Amelia’s airship the Assisted Migration was a Friedrichshafen Deluxe Midi, and she loved it. She had called the autopilot Colonel Blimp at first, but its voice was so friendly, helpful, and Germanic that she switched to calling it Frans. When she ran into trouble of one sort or another, which was the part of her programs that her viewers loved the most, especially if the trouble somehow lost her her clothes, she would say, “Oh, Frans, yikes, please do a three-sixty here and get us out of this!” and Frans would take over, executing the proper maneuver whatever it might be, while making a heavy joke, always almost the same joke, about how a 360-degree turn would only get you going the way you were already going. Everyone had heard it by now, so it was a running joke, or a flying joke as Frans called it, but also, in practical terms, part of a problem solved. Frans was smart. Of course he had to leave some decisions to her, being judgment calls outside his purview. But he was surprisingly ingenious, even in what you might have called this more human realm of executive function.

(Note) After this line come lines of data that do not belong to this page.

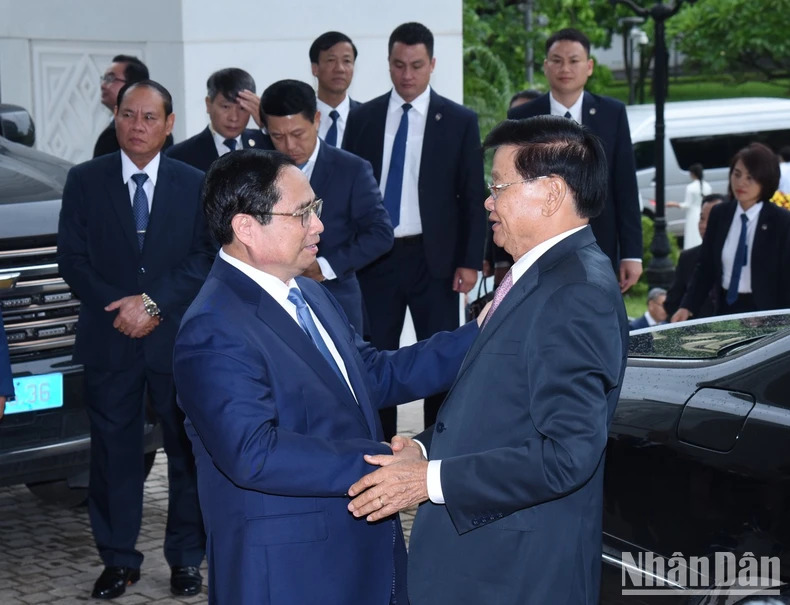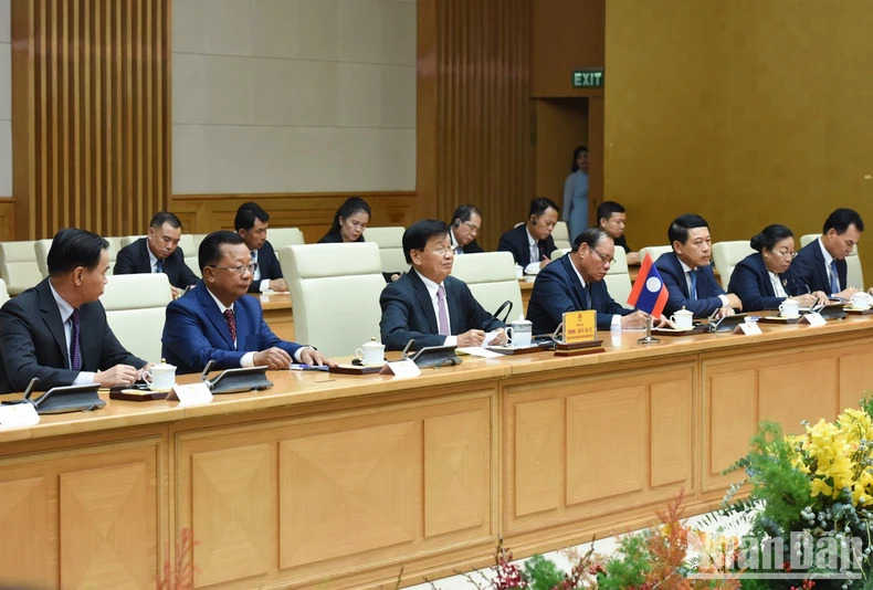 Thủ tướng Phạm Minh Chính và Tổng Bí thư, Chủ tịch nước Thongloun Sisoulith bày tỏ vui mừng về quan hệ hai nước không ngừng được củng cố, ngày càng đi vào chiều sâu và hiệu quả.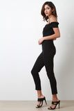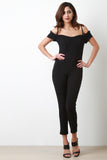 This jumpsuit features a structure bardot neckline, removable/adjustable shoulder straps, vertical boning, cinched waist seam, hidden zipper fastener at back, and taper cut legs. Accessories sold separately. 97% Polyester, 3% Spandex.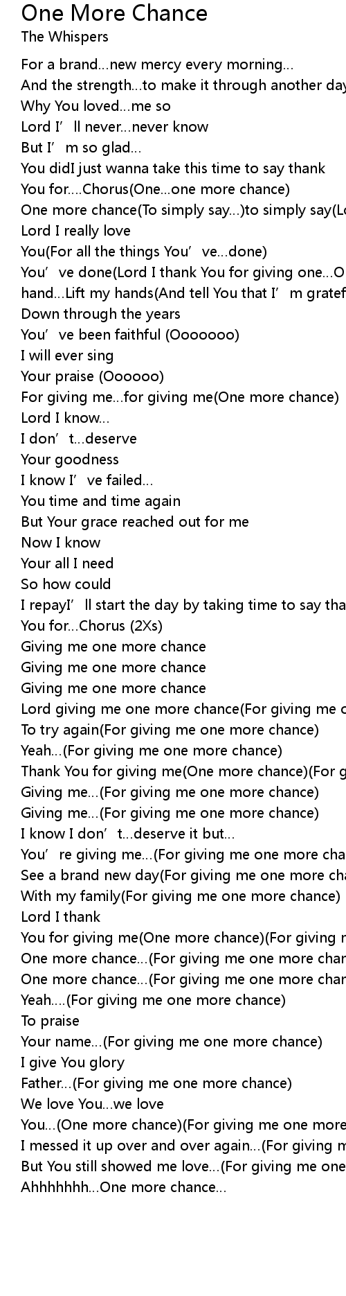 | Lord giving me one more chance(For giving me one more chance) | |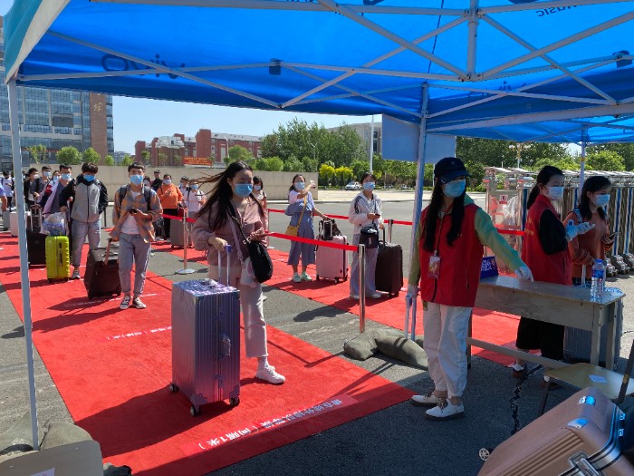 志愿者郝希钰表示:“鲜明的红马甲下透露着一颗炽热的奉献的心,作为一名党员志愿者,无私奉献、恪守岗位是我们的准则,即使今天的工作很累,但看到每一位被我们服务的员工,我觉得再辛苦也是值得的,理工学子,欢迎回家!”张玉波说道:“作为当代青年的我们,虽然不能像医护人员那样奋战在一线,但依旧能贡献出自己的一份力量,事情虽小,但意义非凡。无论是实地救助,充当人前的逆行者,还是志愿服务,默默做着力所能及的事,都是一种担当,防疫青年显担当,愈是艰难愈向前!”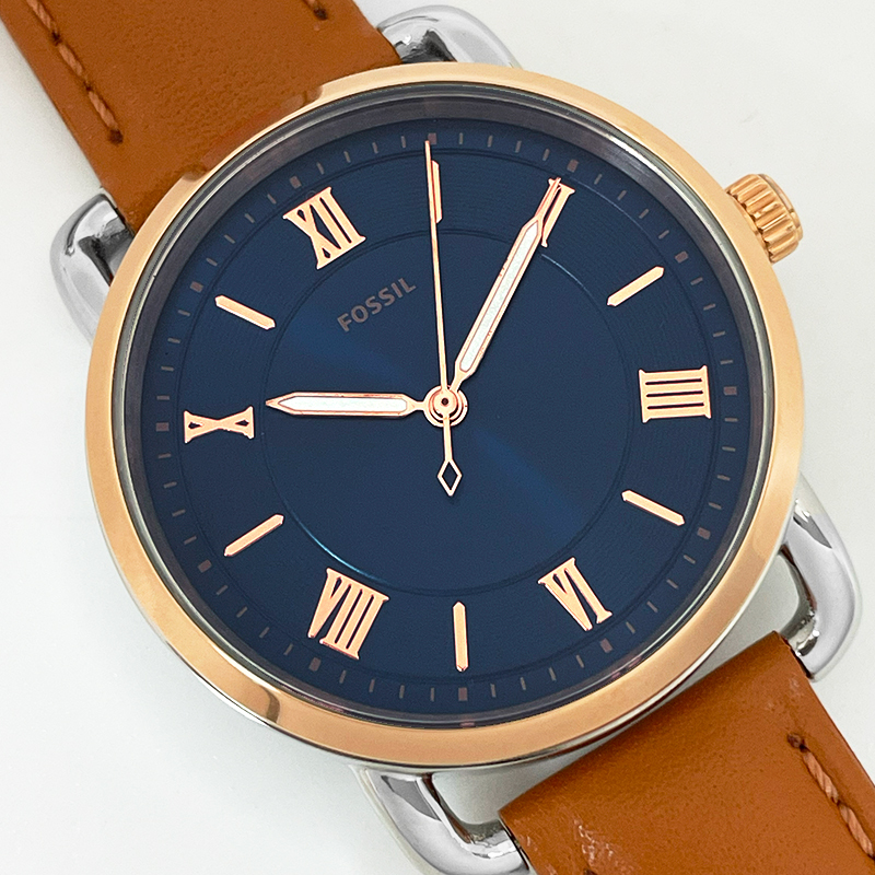 | カラー | ローズゴールド/シルバーケース ブルー文字盤 ブラウンレザーベルト |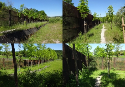 Ein Teil des ehemaligen Grenzzauns zusammen mit 2 Baumreihen

The blimp, actually a dirigible—if you acknowledged that an internal framework could be only semirigid or demirigid, made of aerogels and not much heavier than the gas in the ballonets—was forty meters long and had a capacious gondola, running along the underside of the airship like a fat keel. It had been built in Friedrichshafen right before the turn of the century and since then had flown many miles, in a career somewhat like those of the tramp steamers of the latter part of the nineteenth century. The keys to its durability were its flexibility and its lightness, and also the photovoltaic outer skin of the bag, which made the craft effectively autonomous in energy terms. Of course there was sun damage eventually, and supplies were needed on a regular basis, but often it was possible to restock without landing by meeting with skyvillages they passed. So, like the millions of other similar airships wandering the skies, they didn’t really ever have to come down. And like millions of other aircraft occupants, for many years Amelia had therefore not gone down. It had been a refuge she had needed. During those years there had seldom been a time when she couldn’t see other airships in the distance, but that was fine by her, even comforting, as it gave her the idea of other people without their actual presence, and made the atmosphere into a human space, an ever-shifting calvinocity. It looked as if after the coastlines had drowned, people had taken to the skies like dandelion seeds and recongregated in the clouds.

Although now she saw again that in the polar latitudes the skies were less occupied. Two hundred miles north of Quebec she spotted only a few aircraft, mostly big freighters at much higher altitudes, taking advantage of their absence of human crews to get up into the bottom of the jet stream and hurry to their next rendezvous.